Prices remain range bound as the winter finally ends and the market awaits injections

Highlights of the Natural Gas Summary and Outlook for the week ending April 27, 2018 follow. The full report is available at the link below.

  • Price Action: The June contract rose 0.4 cents (0.1%) to $2.771 on a 10.7 cent range ($2.844/$2.737).
  • Price Outlook: Despite a still modest 10.7 cent daily range, the market still managed to post a new weekly high for the 3rd week in a row. Although US production remains a bearish factor, the surging storage deficit is supportive and must be reduced prior to the winter. Even though the market appears comfortable with lower storage levels, cold could still result in significantly higher prices. Weather forecasts added 11 bcf to storage projections. For daily updated storage projections, subscribe to our joint publication with RBN Energy.

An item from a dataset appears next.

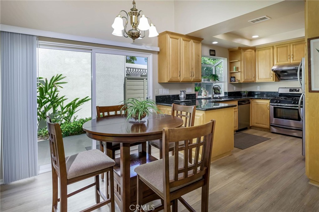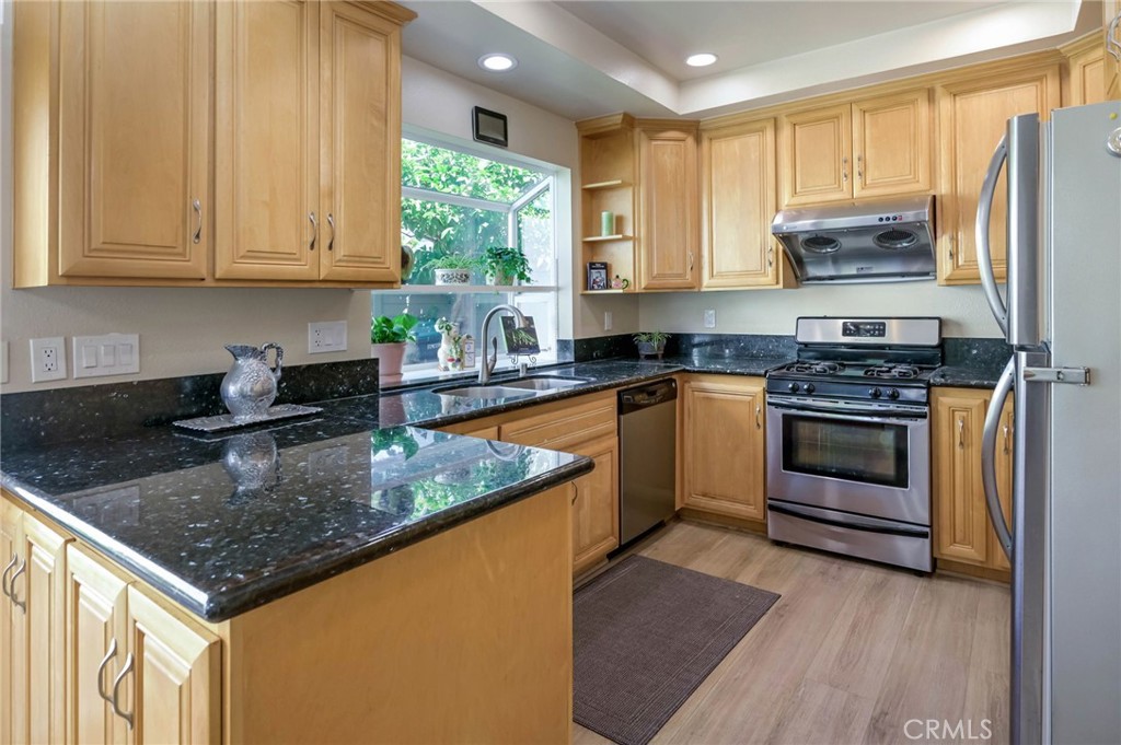Charming single level home (no interior steps), remodeled kitchen with upgraded cabinets, granite counter tops, stainless steel appliances (refrigerator included) and sink, recessed lighting, and garden window. Wall between kitchen and dining area removed to open up the kitchen. Wood-like laminate & tile flooring throughout. Bathrooms recently remodeled with quartz countertops, new sinks, fixtures and lighting. Newer A/C unit and hot water heater. Interior doors recently upgraded from flat to recessed paneled. Decor outlets and rocker switches. Flush recessed lighting. Cathedral ceilings and lots of upgraded windows & sliders and mirrored wardrobes add to the spacious light and bright ambience. Cozy back yard with lush landscaping, citrus trees and large patio. Private front patio off master bedroom. Direct access to two car garage; washer & dryer plus 2nd fridge included. Original valuable hanging artwork is included in the sale. New roof in 2024. Excellent quiet location in the fabulous Village of Woodbridge. Only 100 yards from North Lake Swim Club. Woodbridge has been rated the Best Place in America to raise a Family by Parents Magazine and it’s been named the #1 HOA in the Country. Living in the Village of Woodbridge is equivalent to residency in a high end resort with its unmatched amenities including 22 Pools, 23 Tennis Courts, 4 Pickleball Courts, bocce, basketball, sand volleyball, shuffleboard, numerous parks with play equipment, BBQs & picnic facilities, walking/biking paths, boating, fishing and 2 lakes with Beach Clubs & lagoons. Irvine has ranked as the Safest City in America for 18 Consecutive years and its schools are in the top 2% in the State.

The current weather forecast is now warmer than 8 of the last 10 years. CFTC data indicated a (12,445) contract reduction in the managed money net long position as longs liquidated and shorts added. Total open interest fell (17,928) to 3.614 million as of April 24. Aggregated CME futures open interest fell to 1.438 million as of April 27.
  • Weekly Storage: US working gas storage for the week ending April 20 indicated a withdrawal of (18) bcf. Working gas inventories fell to 1,281 bcf. Current inventories fall (908) bcf (-41.5%) below last year and fall (520) bcf (-28.9%) below the 5-year average.

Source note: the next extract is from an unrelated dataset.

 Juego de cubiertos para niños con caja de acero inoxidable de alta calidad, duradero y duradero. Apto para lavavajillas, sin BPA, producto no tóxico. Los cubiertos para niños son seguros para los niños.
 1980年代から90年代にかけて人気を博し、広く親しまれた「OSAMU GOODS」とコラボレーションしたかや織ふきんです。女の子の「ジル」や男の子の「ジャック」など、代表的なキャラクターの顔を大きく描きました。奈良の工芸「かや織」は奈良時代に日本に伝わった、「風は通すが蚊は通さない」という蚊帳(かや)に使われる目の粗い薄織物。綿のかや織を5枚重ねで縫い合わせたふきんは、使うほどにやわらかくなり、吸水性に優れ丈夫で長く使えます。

  • Storage Outlook: Our EIA weekly storage estimate was 0 bcf from the actual EIA implied flow and was obviously within our tolerance. The forecasts use a 10-year rolling temperature profile past the 15-day forecast. Our joint publication with RBN updates storage projections daily.
  • Supply Trends: Total supply fell (1.3) bcf/d to 76.0 bcf/d. US production fell. Canadian imports fell. LNG imports exports rose. LNG exports rose. Mexican exports fell. The US Baker Hughes rig count rose +8. Oil activity increased +5. Natural gas activity increased +3. The total US rig count now stands at 1,021 .The Canadian rig count fell (8) to 85. Thus, the total North American rig count was unchanged at +0 to 1,106 and now exceeds last year by +151. The higher efficiency US horizontal rig count rose +12 to 901 and rises +171 above last year.
  • Demand Trends: Total demand fell (3.9) bcf/d to +78.3 bcf/d. Power demand fell. Industrial demand fell. Res/Comm demand fell. Electricity demand fell (1,816) gigawatt-hrs to 69,190 which exceeds last year by +374 (0.5%) and exceeds the 5-year average by 766 (1.1%%).
  • Nuclear Generation: Nuclear generation rose 1,649 MW in the reference week to 78,637 MW. This is +3,175 MW higher than last year and +1,259 MW higher than the 5-year average. Recent output was at 79,440 MW.

The heating season is entering its final leg. With a forecast through May 11 the 2018 total heating index is at 2,998 compared to 2,295 for 2017, 2,413 for 2016, 2,885 for 2015, 3,226 for 2014, 3,041 for 2013, 2,567 for 2012 and 3,165 for 2011.